Eoin MacGabhann’s presentation raised the issue of keeping the history curriculum from KS3 through to degree level more consciously in step.  Certainly, greater understanding of KS3 by HE would be welcomed.  Diversifying the A level syllabus would mean hard choices about what modules should be dropped;  a larger number of optional modules is only a partial solution, since each has to pay its way by attracting a reasonable number of entries.  Here consultation with teachers, students and HE colleagues is one sensible way forward.

Katharine Burn’s talk on diversifying the curriculum in schools raised a question about characteristics of those schools encouraging change: while there were no particular concentration by location, a significantly higher proportion of state schools to independent schools had began to diverse their history curriculum.  It seems clear that teachers were more confident about introducing change when it could be done incrementally, without a significant increase in content.  There’s an urgent need for more research into parental and student attitudes in order to get a more rounded view of the history curriculum, present and future.

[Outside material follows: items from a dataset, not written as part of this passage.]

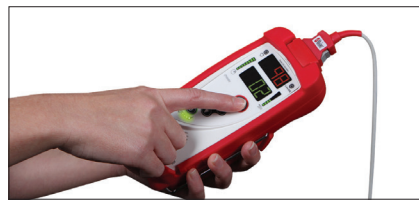
Intuitive user interface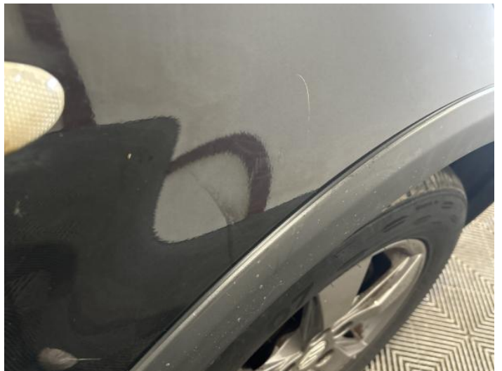
2: Wing osf Scratched Over 25mm Not Thru Paint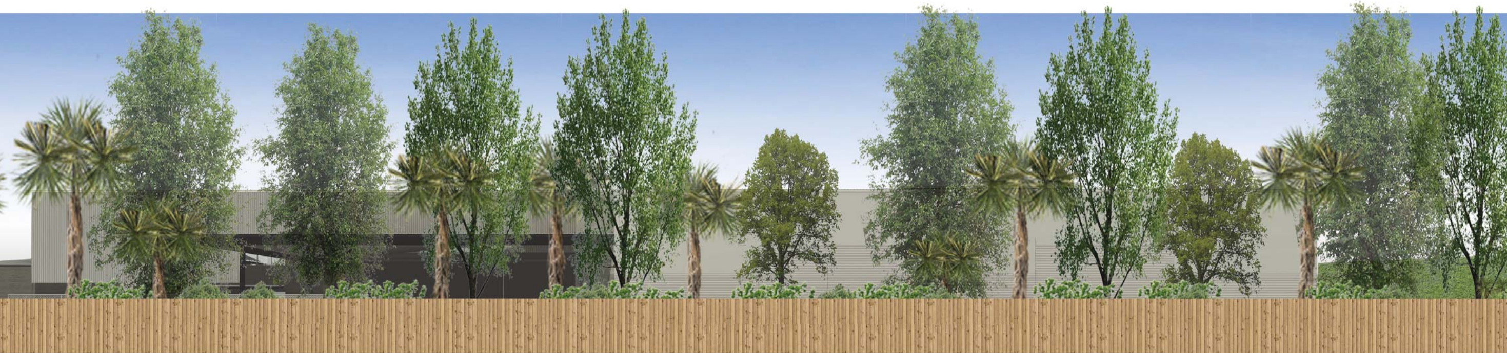
Planting shown at maturity (30 years+) Mountain Beech (12m high), Ribbonwood (12m high), Kowhai (8m high) and Cabbage Trees (10m high).

NOTE: The render shows a 2.0m high timber paling fence on the eastern boundary. The tree planting includes: Mountain Beech (red dot), Ribbonwood (blue dot), Kowhai (yellow dot) and Cabbage Trees (interspersed). The shrub planting includes only short shrub planting (2m high max) and groundcovers.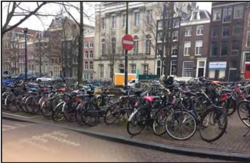
←THE BIKES OF AMSTERDAM

Decolonising the curriculum drew discussion which addressed the problematic and sometimes contestable nature of the concepts associated in what is a wide-ranging movement and the challenges in implementing change.  In his presentation, Peter D’Sena cited some of the RHS Race Report’s statistics about the low percentages of BAME staff teaching history in UK universities.  Some participants expressed shock and concern, but made the valid observation that staff identifying as white therefore had an enormous role and responsibility – but needed to be given some assurances about how to become ‘allies’.  Others mused whether, possibly, there was ‘unresolvable tension between the ethics of teaching and the politics/hermeneutics of historiography’.  There was general agreement, though, that there needs to be pioneers, just as there were a few decades ago for feminist and queer history.  One or two respondents also noticed how the presentation occasionally littered more general observations about pedagogic practice, with one writing: ‘I was really struck by the comment you made … about there being little point in changing curriculums when still clinging to nineteenth century forms of assessment’.  In that sense, the message that it is more appropriately about decolonising education, did seep through.

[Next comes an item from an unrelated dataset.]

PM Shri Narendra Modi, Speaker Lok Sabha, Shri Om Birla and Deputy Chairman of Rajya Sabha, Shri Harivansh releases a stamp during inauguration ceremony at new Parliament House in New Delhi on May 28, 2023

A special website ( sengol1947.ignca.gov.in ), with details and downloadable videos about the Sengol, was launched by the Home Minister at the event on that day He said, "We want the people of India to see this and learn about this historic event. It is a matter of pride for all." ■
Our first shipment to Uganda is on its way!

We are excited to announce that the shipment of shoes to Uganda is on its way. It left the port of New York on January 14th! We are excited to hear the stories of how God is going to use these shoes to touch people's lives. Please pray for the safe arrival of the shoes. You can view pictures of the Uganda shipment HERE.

Marcus Collins’ presentation on student experience generated discussion on the pressure to increase contact hours. Why have we singularly failed to persuade parents and students that contact hours are a poor measure of teaching quality or an inappropriate index of value for money, not least with so much student absenteeism?  There is a real risk that raising contact hours would sacrifice quality for quantity.  Several participants were in favour of ‘short fat modules’ to encourage concentrated study and for fruitful student-teacher interactions; evidence from Australia suggests that they are particularly useful for students from disadvantaged backgrounds.  As Marcus observed, SEAS comments suggest that history teaching is in relatively better-shape than other disciplines, and this needs to be deployed in conversations with HE senior management.

The final session, on the RHS’s forthcoming teaching portal, elicited a number of helpful remarks on the scope, novelty, audience, content and clarity of purpose of the portal.  These will be discussed by the working group which will be busy between now and the portal’s launch in November 2020.